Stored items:
········

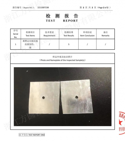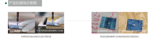結(jié)合微膠囊包覆技術(shù),對(duì)阻燃劑有效主體形成包覆作用,隔絕阻燃劑與金屬件的接觸,有效降低阻燃劑對(duì)金屬件的腐蝕作用,全面提高板材的抗腐蝕性,達(dá)到企業(yè)標(biāo)準(zhǔn)抗腐蝕性5級(jí)(輕鋼龍骨和自攻螺絲均無(wú)明顯變化)。
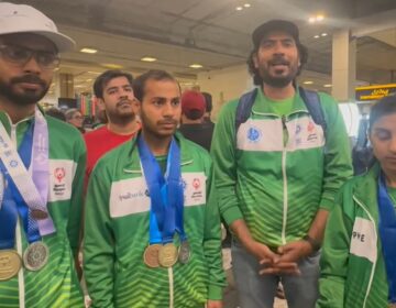لاہور ( سپورٹس ڈیسک) سپیشل اولمپک ورلڈ ونٹرگیمز میں11میڈلز جیتنے والےپاکستانی اسکواڈ کے کھلاڑی اورأفیشلز وطن واپس پہنچ گئے کراچی ایئرپورٹ پہنچنے پرپاکستان اولمپک ایسوسی ایشن کی ایسوسی ایٹ سیکریٹری جنرل تہمینہ أصف۔ ایس او پی کے عہدیداران اور ایتھلیٹس مزید پڑھیں
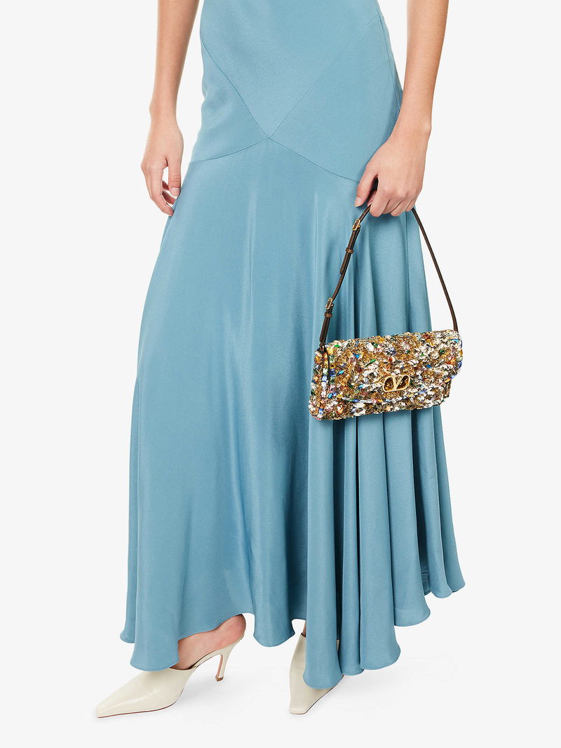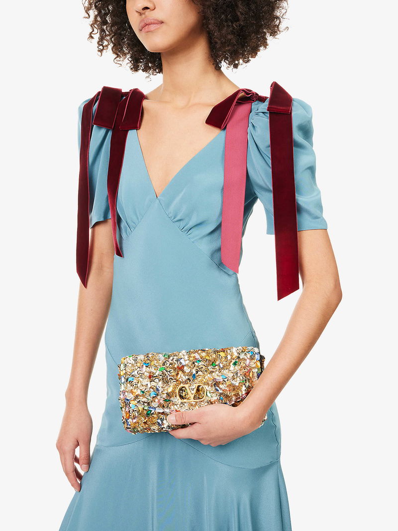 Garavani is better known by his mononym, Valentino. From the signature Rockstud leather shoes to richly embellished dresses, knitwear, tailoring and separates, Valentino Garavani pieces are characterised by a bold and playful use of colour and pattern, with a through line of glamour and luxury.
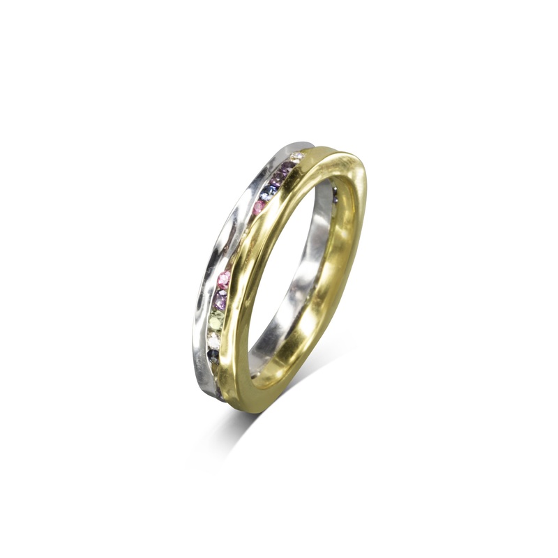 The Trap Pink, Blue Sapphire and Diamond Eternity Ringfeatures a unique trapped setting that securely cradles the gemstones, while also allowing them to catch the light and sparkle beautifully.Innovative Trapped Setting: The distinctive trapped setting of
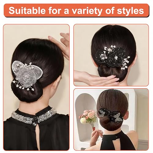 【High-Quality Craftsmanship】The Flower Diamond Mesh Hair Disk is adorned with delicate lace flowers and sparkling diamond mesh details, adding an elegant touch to your everyday style. This mesh bun curler adds a touch of sophistication and layering to your updo, making it easy to style for casual outings, weddings, or formal occasions.

········

REQUIRED WORK
Word for word, restate the records above and drop the pictures.

ANSWER AREA
結(jié)合微膠囊包覆技術(shù),對(duì)阻燃劑有效主體形成包覆作用,隔絕阻燃劑與金屬件的接觸,有效降低阻燃劑對(duì)金屬件的腐蝕作用,全面提高板材的抗腐蝕性,達(dá)到企業(yè)標(biāo)準(zhǔn)抗腐蝕性5級(jí)(輕鋼龍骨和自攻螺絲均無(wú)明顯變化)。
لاہور ( سپورٹس ڈیسک) سپیشل اولمپک ورلڈ ونٹرگیمز میں11میڈلز جیتنے والےپاکستانی اسکواڈ کے کھلاڑی اورأفیشلز وطن واپس پہنچ گئے کراچی ایئرپورٹ پہنچنے پرپاکستان اولمپک ایسوسی ایشن کی ایسوسی ایٹ سیکریٹری جنرل تہمینہ أصف۔ ایس او پی کے عہدیداران اور ایتھلیٹس مزید پڑھیں
 Garavani is better known by his mononym, Valentino. From the signature Rockstud leather shoes to richly embellished dresses, knitwear, tailoring and separates, Valentino Garavani pieces are characterised by a bold and playful use of colour and pattern, with a through line of glamour and luxury.
 The Trap Pink, Blue Sapphire and Diamond Eternity Ringfeatures a unique trapped setting that securely cradles the gemstones, while also allowing them to catch the light and sparkle beautifully.Innovative Trapped Setting: The distinctive trapped setting of
 【High-Quality Craftsmanship】The Flower Diamond Mesh Hair Disk is adorned with delicate lace flowers and sparkling diamond mesh details, adding an elegant touch to your everyday style. This mesh bun curler adds a touch of sophistication and layering to your updo, making it easy to style for casual outings, weddings, or formal occasions.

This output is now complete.